Action item
The line containing "멸종위기 매화마름 논습지" marks the start of the required copy, which runs to the final line of the entries; return those lines exactly, without any pictures.

Extracted records
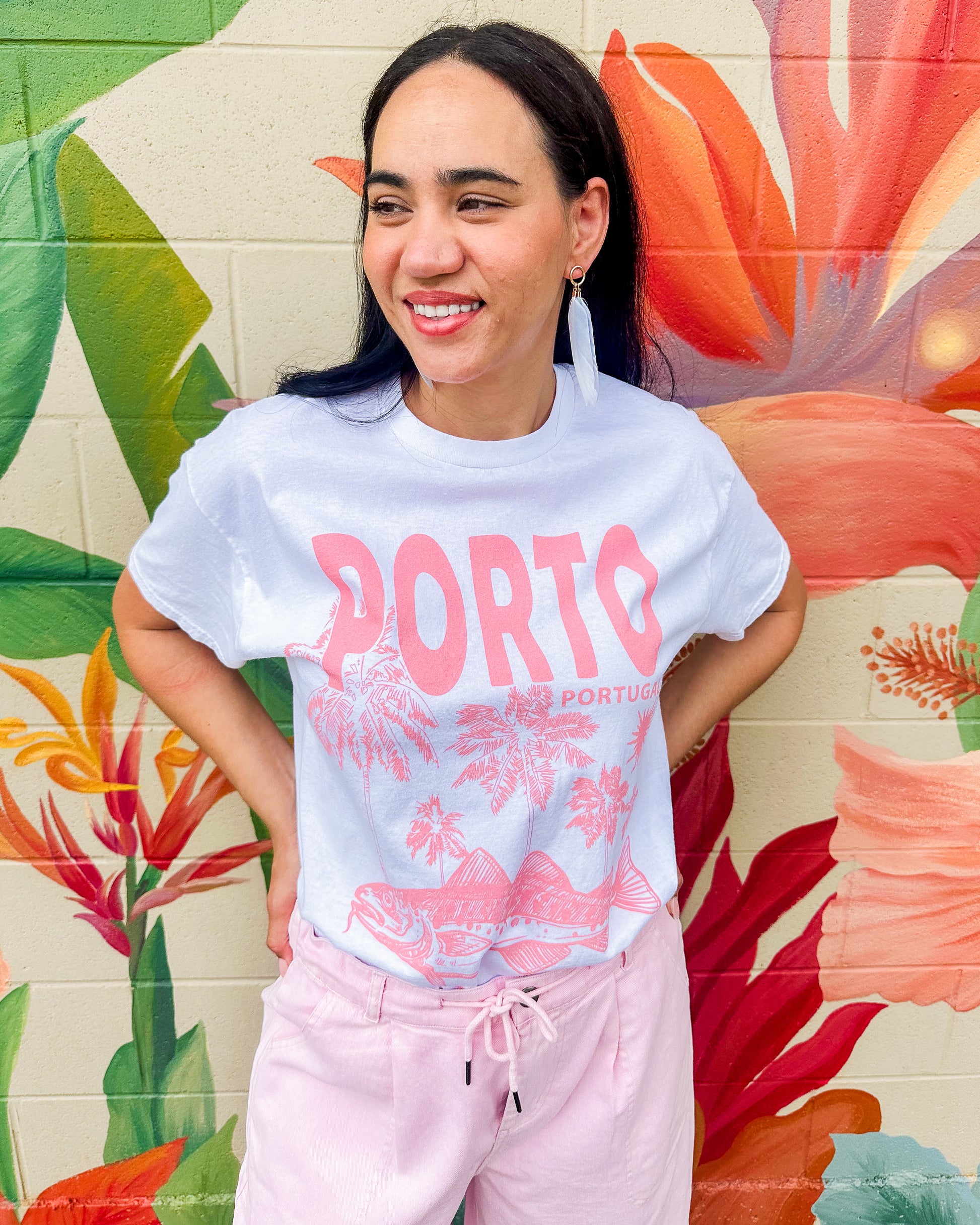 Experience the laid-back charm of Porto with our Peixe Tee. This short-sleeve garment-dyed tee features an oversized tropical graphic with fish and palm tree motifs. The relaxed fit and soft, pre-dyed fabric offer both comfort and distinctive style for your casual wardrobe.
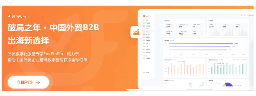 FunPinPin是一家具有营销基因的独立站建站服务平台,秉承着陪伴卖家做可持续跨境生意的经营理念,通过打通独立站生态圈,用SaaS工具为中国50万家外贸工厂和企业提供B2B建站、精准营销、垂直品类B2B平台服务。为中国卖家提供从建站到营销的一站式解决方案。
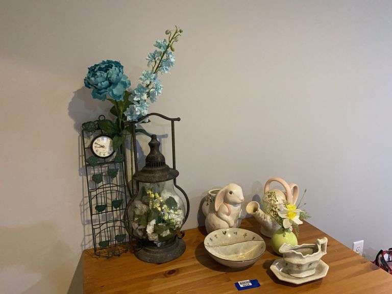 LOT 5610 - Decorative lantern, wire wall pocket clock, rabbit and watering can planters, divided dish and gravy boat, faux flowers
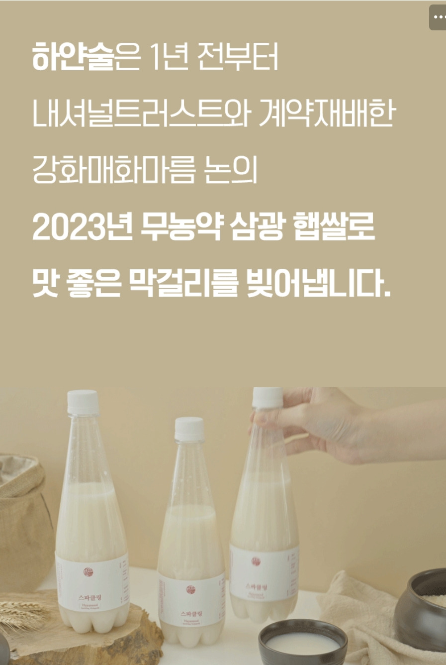 멸종위기 매화마름 논습지 군락지에서 공존공생하는 강화매화마름쌀로 하얀술이 빚은 스파클링 막걸리!!!
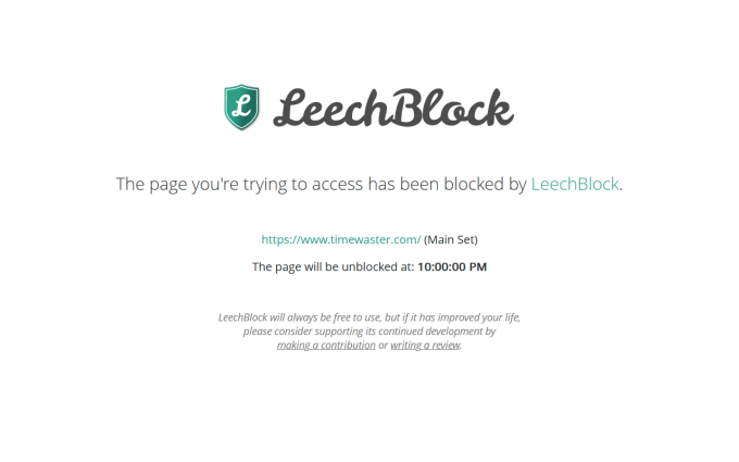 LeechBlock is a free browser extension for people who want a straightforward way to block distracting websites. The extension lets you select which sites you want to block, then prevents your browser from loading them.
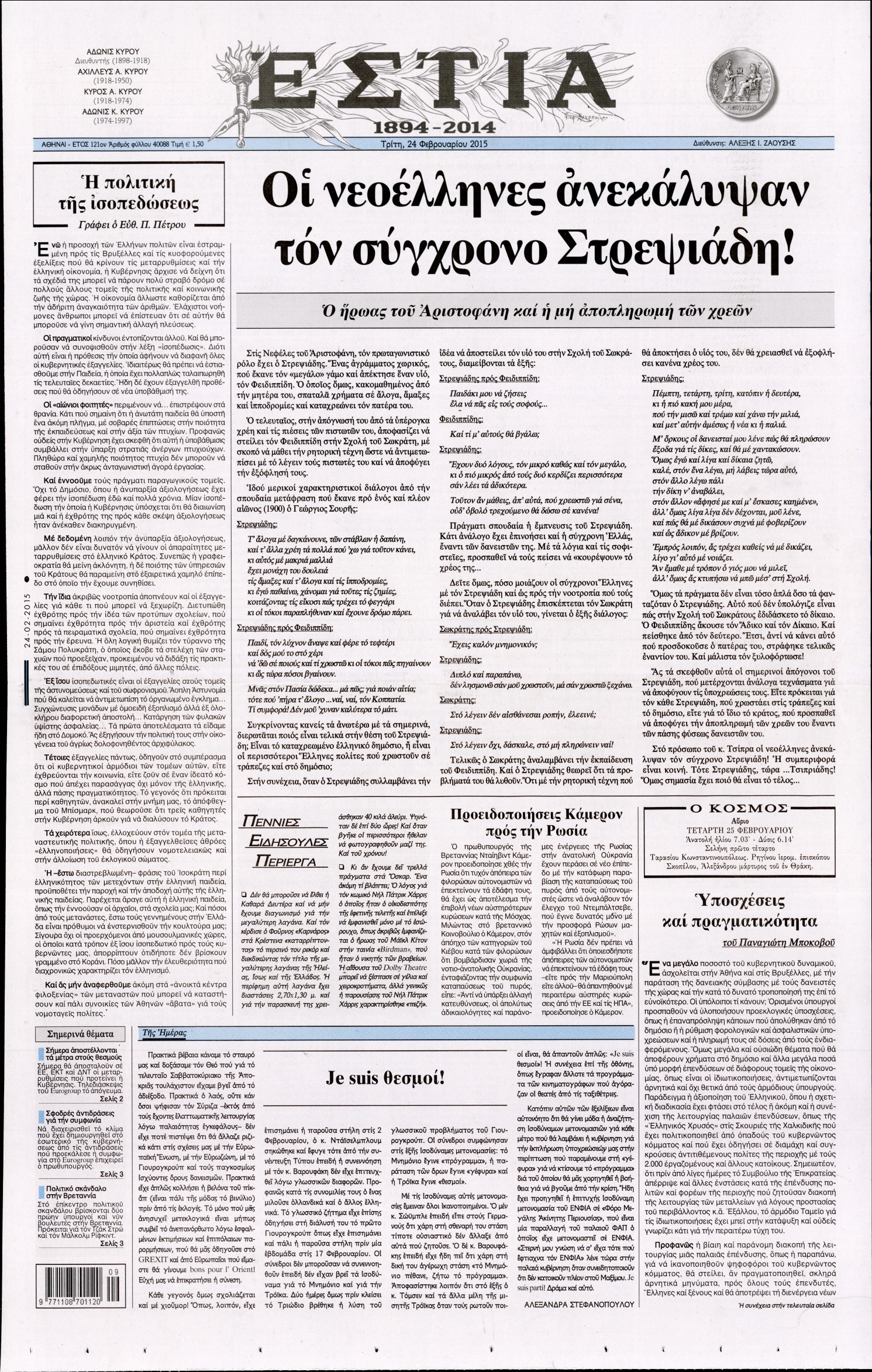 Τρίτη 24 Φεβρουαρίου 2015

Output of the exercise
 멸종위기 매화마름 논습지 군락지에서 공존공생하는 강화매화마름쌀로 하얀술이 빚은 스파클링 막걸리!!!
 LeechBlock is a free browser extension for people who want a straightforward way to block distracting websites. The extension lets you select which sites you want to block, then prevents your browser from loading them.
 Τρίτη 24 Φεβρουαρίου 2015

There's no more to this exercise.